When Mom came home she didn’t seem any different, just said “Hi, Baby”, but nothing about the cops or Linny’s Mom.  Dave left for the bar after we ate goulash and watched the news.  Sometimes he came in my room kinda sniffling after he got back and woke me up to say he was sorry.  He said if I learned to behave he wouldn’t have to whip me, if I would just be good he wouldn’t have to be so hard on me.  I always told him I would be better, and tried to figure out how until I fell back asleep.

Linny wasn’t at the bus stop the next morning, so I sat in our seat by myself and played who-lives-in-that-house.  I liked it more when Linny and I went back and forth and made up stories about people in the big white house with peeling paint and pink roses growing up one side or the triangle-shaped yellow house with a huge golden dog stretched out in the driveway.  Linny was silly and our stories much funnier than the ones I made up by myself.  She walked into class and sat down just as the bell rang, but Linny wouldn’t look at me.  I wanted to whisper to her, but Mr.
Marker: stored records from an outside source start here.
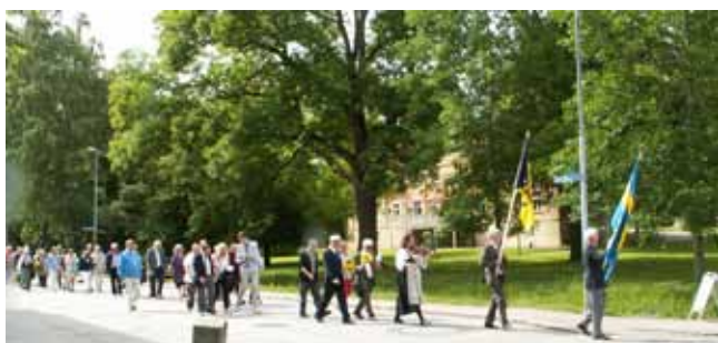
Fornminnesföreningen på marsch mot framtiden och museet.

På fornminnesföreningar ställs förstas speciella krav så när Västergötlands fornminnesförening jubilerade handlade det om 150 år. Starten skedde i Skara den 11 juni 1863, och nästan på dagen 150 år senare firades detta i Skara, bland annat med en utställning över sig själv på museet.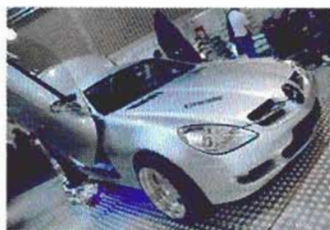
Alles über die Messe in Klagenfurt finden Sie unter www.austrian-tuning-show.at

Im Bericht zur Kärntner Tuningmesse, der Austrian Tuning Show vom 11. bis 13. Mai, wuselt es vor Fehlern: AUTO BILD Österreich gab den Zeitabstand zum Wörtherseetreffen der Golf-Fans in Heft 45/05 irrtümlich mit zehn Tagen an. Das VW-Spektakel findet aber ab 16. Mai statt. Und nach der Party am Samstag geht die Messe sonntags weiter.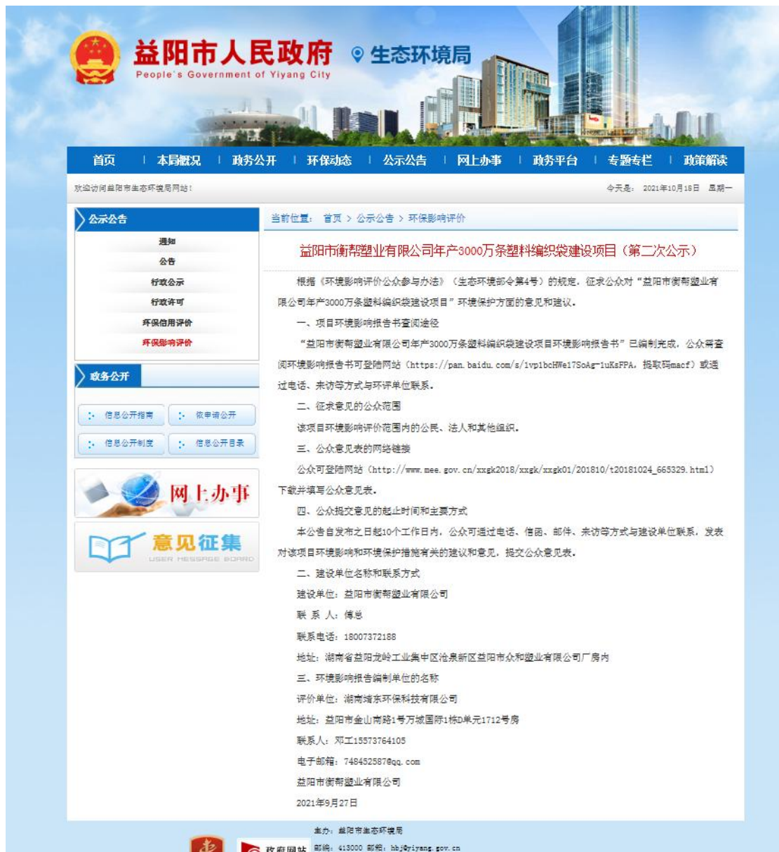
图 3-1 第二次公示网络公示截图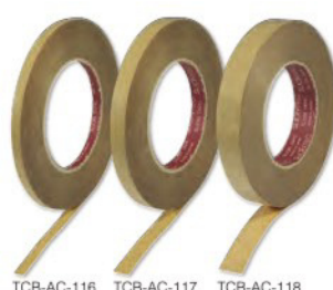
TCB-AC-116 TCB-AC-117 TCB-AC-118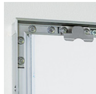
クリップ金具付き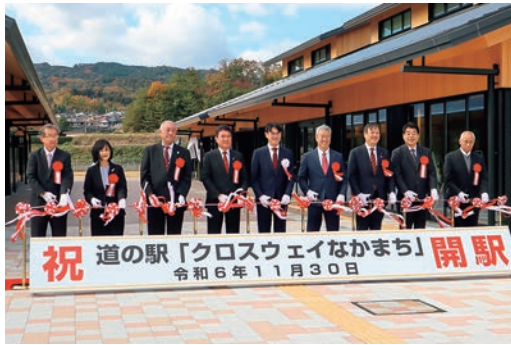
令和6年11月道の駅「クロスウェイなかまち」開駅式典にて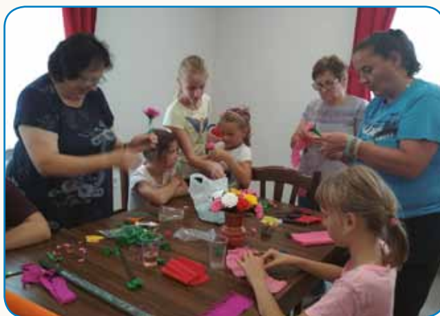
Medgeneracijsko druženje v Markovci stran 7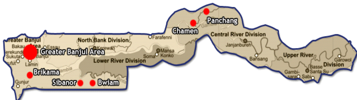
Bwiam ligt in het zuiden van Gambia en is het centrum van de regio

De komende maanden gaat de Stichting ZOM actie voeren om het benodigde geld bij elkaar te krijgen. De Wilde Ganzen gaan het project ondersteunen door het bedrag dat de Stichting ZOM bij elkaar brengt met 55% te verhogen.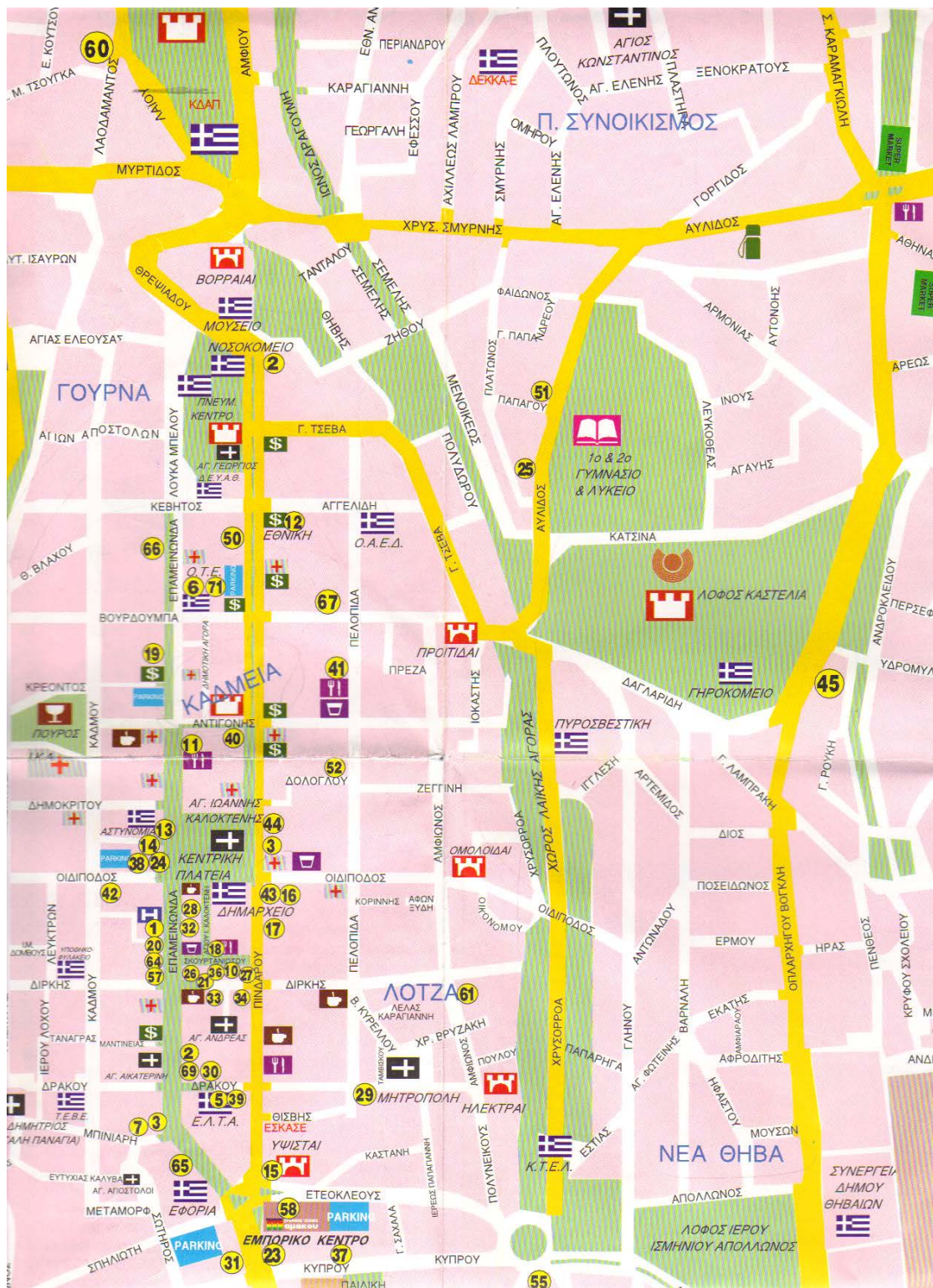
Εικ. 3.1. Χάρτης Μνημείων στο Κέντρο της Θήβας

Στο κεφάλαιο αυτό θα παρουσιάσουμε τον χάρτη μνημείων στο Ιστορικό Κέντρο της Θήβας.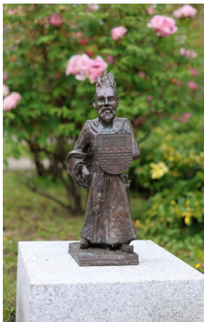
Chodzież – karzettek dziedzic †

W zwiedzaniu Chodzieży pomagają karzетки płomieniste, wywodzące się z książki pt. Opowieści i legendy chodzieskie . Każdy z karzettek jest niepowtarzalny i ma przypisany jakiś atrybut. Aż 11 z nich tworzy nowy chodzieski szlak, który prezentuje świeże spojrzenie na lokalne atrakcje. Figurki wykonane z brązu występują w różnych częściach miasta, a do tych najbardziej charakternych zalicza się np. karzettek strażak, żeglarz czy narciarz.

Malcolm did not play around and he’d take away my recess if he heard.  All morning long I stared at the back of her head.  “Cammie Batch”, the teacher said, “please use “intention” in a sentence”.  He seemed irritated.  I looked down at my desk and tried to remember what intention meant, but all I could think of was going to Linny’s house for Oreos after school.  Mr. Malcolm put his hands finger to finger in a steeple like he did when someone else took a while to answer, like he could wait all day.  Normally I was good at this, but today my words disappeared.  Finally, the recess bell rang.  “Cammie, come to my desk”, Mr. Malcolm said as I watched Linny’s head disappear into the hall with everyone else’s.  After Mr. Malcolm reviewed the word intention (it was nothing but a hope, really) and told me to pay better attention that afternoon, I raced down the hall and out the doors.  There she was, right outside the building.  “Oh good, you waited”, I said.  “Cause I have something to tell you”, she said and shuffled her feet, her arms crossed tightly.  “I can’t be friends with you anymore.  My Daddy and Mommy said so.”  She looked relieved.